> **PROBLEM DESCRIPTION**: The material below includes pictures; leave them out and return only the lines between the line containing "Heat Holders Jongens" and the line containing "Mauro est une", inclusive, word for word.

> **THE INPUT**:
····················

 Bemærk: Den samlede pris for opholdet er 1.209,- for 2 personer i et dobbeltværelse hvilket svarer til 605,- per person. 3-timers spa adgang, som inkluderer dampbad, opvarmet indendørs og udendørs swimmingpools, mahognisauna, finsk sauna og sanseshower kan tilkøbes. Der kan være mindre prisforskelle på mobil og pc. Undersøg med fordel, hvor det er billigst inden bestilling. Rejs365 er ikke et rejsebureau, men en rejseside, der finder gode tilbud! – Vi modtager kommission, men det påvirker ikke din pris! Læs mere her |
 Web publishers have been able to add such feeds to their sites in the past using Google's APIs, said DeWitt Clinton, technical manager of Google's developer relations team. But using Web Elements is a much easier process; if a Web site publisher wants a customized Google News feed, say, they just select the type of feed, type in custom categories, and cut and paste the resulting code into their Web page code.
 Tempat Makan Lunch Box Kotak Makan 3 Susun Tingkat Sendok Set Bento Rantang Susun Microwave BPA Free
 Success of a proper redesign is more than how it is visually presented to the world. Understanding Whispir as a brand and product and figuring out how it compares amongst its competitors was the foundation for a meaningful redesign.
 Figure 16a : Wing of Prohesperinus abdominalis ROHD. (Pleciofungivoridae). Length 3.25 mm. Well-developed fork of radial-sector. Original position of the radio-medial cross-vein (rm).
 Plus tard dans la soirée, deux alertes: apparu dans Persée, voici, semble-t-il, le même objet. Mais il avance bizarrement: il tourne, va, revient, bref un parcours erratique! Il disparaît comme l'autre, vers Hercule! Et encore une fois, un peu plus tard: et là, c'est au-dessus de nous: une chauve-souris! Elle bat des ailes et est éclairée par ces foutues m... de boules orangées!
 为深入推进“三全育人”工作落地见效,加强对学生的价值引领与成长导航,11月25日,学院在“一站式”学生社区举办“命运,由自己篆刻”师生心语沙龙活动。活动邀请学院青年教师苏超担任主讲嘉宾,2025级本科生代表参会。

····················

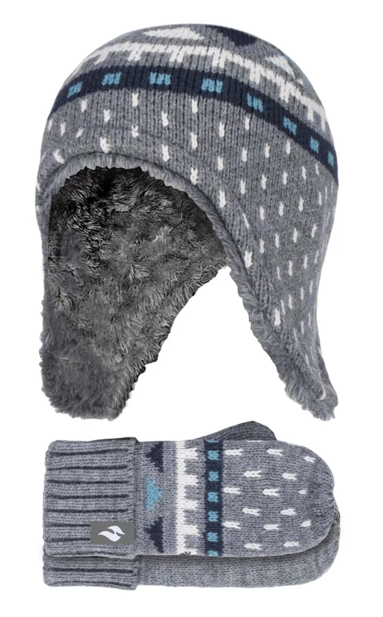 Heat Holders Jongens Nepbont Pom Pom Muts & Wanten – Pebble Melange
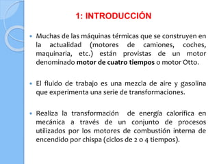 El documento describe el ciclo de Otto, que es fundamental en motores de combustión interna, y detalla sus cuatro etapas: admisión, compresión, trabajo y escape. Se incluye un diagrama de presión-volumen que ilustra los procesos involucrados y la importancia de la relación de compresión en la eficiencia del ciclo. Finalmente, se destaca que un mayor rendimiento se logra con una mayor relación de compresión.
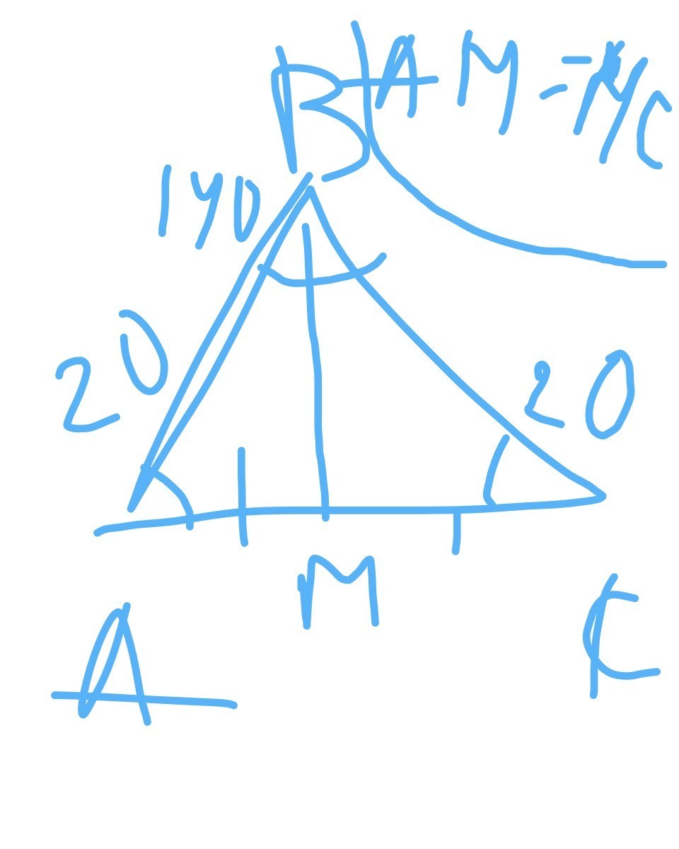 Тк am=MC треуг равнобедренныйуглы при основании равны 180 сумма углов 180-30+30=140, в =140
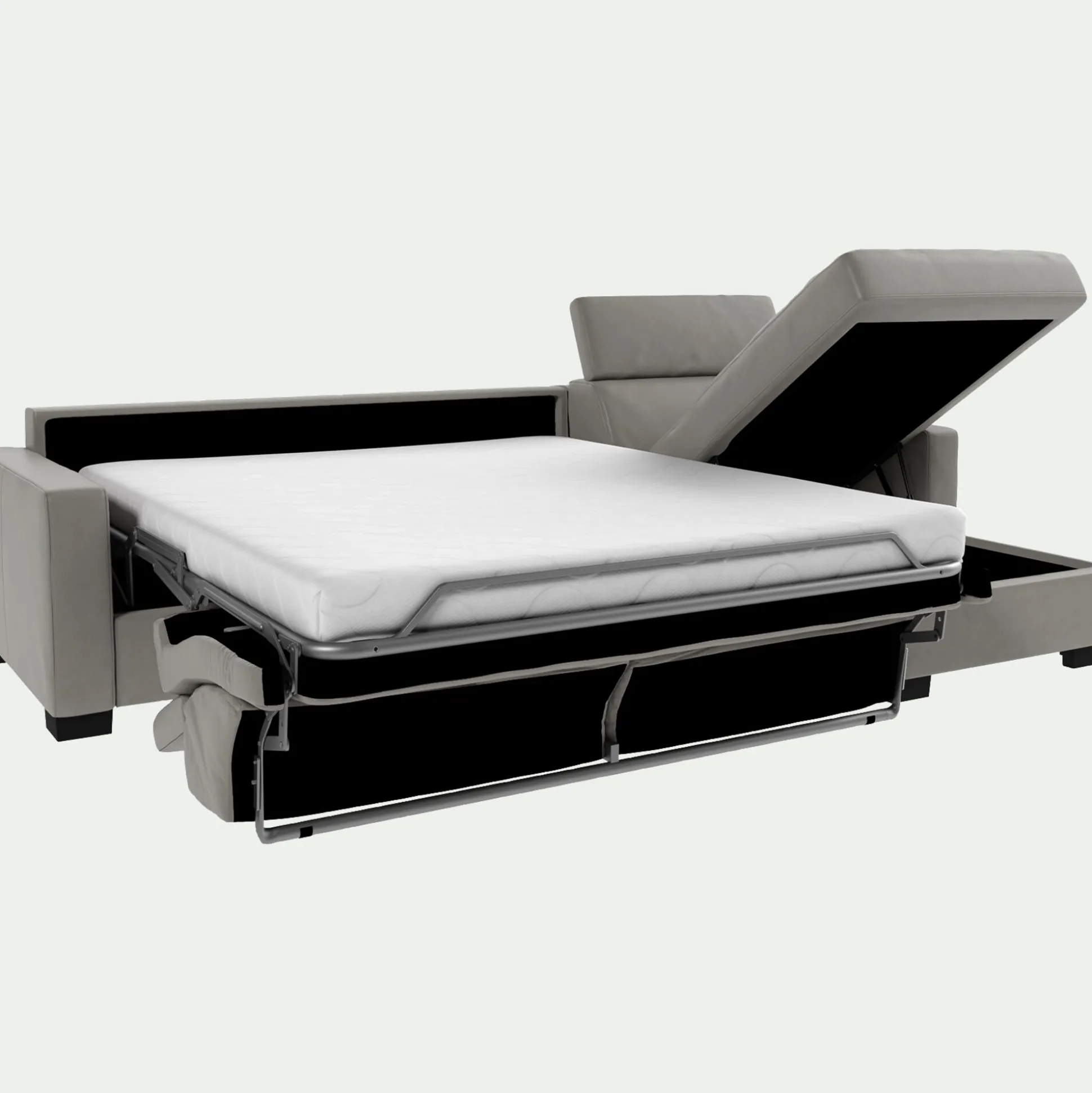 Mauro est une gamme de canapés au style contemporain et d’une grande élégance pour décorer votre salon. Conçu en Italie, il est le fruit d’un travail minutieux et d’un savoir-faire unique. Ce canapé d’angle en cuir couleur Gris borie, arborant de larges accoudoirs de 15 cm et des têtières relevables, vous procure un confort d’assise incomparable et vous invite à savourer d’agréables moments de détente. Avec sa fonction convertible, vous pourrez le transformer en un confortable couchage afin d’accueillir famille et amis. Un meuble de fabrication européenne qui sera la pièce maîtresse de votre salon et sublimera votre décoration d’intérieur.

····················

> **ANSWER BELOW**:
 Heat Holders Jongens Nepbont Pom Pom Muts & Wanten – Pebble Melange
 El documento describe el ciclo de Otto, que es fundamental en motores de combustión interna, y detalla sus cuatro etapas: admisión, compresión, trabajo y escape. Se incluye un diagrama de presión-volumen que ilustra los procesos involucrados y la importancia de la relación de compresión en la eficiencia del ciclo. Finalmente, se destaca que un mayor rendimiento se logra con una mayor relación de compresión.
 Тк am=MC треуг равнобедренныйуглы при основании равны 180 сумма углов 180-30+30=140, в =140
 Mauro est une gamme de canapés au style contemporain et d’une grande élégance pour décorer votre salon. Conçu en Italie, il est le fruit d’un travail minutieux et d’un savoir-faire unique. Ce canapé d’angle en cuir couleur Gris borie, arborant de larges accoudoirs de 15 cm et des têtières relevables, vous procure un confort d’assise incomparable et vous invite à savourer d’agréables moments de détente. Avec sa fonction convertible, vous pourrez le transformer en un confortable couchage afin d’accueillir famille et amis. Un meuble de fabrication européenne qui sera la pièce maîtresse de votre salon et sublimera votre décoration d’intérieur.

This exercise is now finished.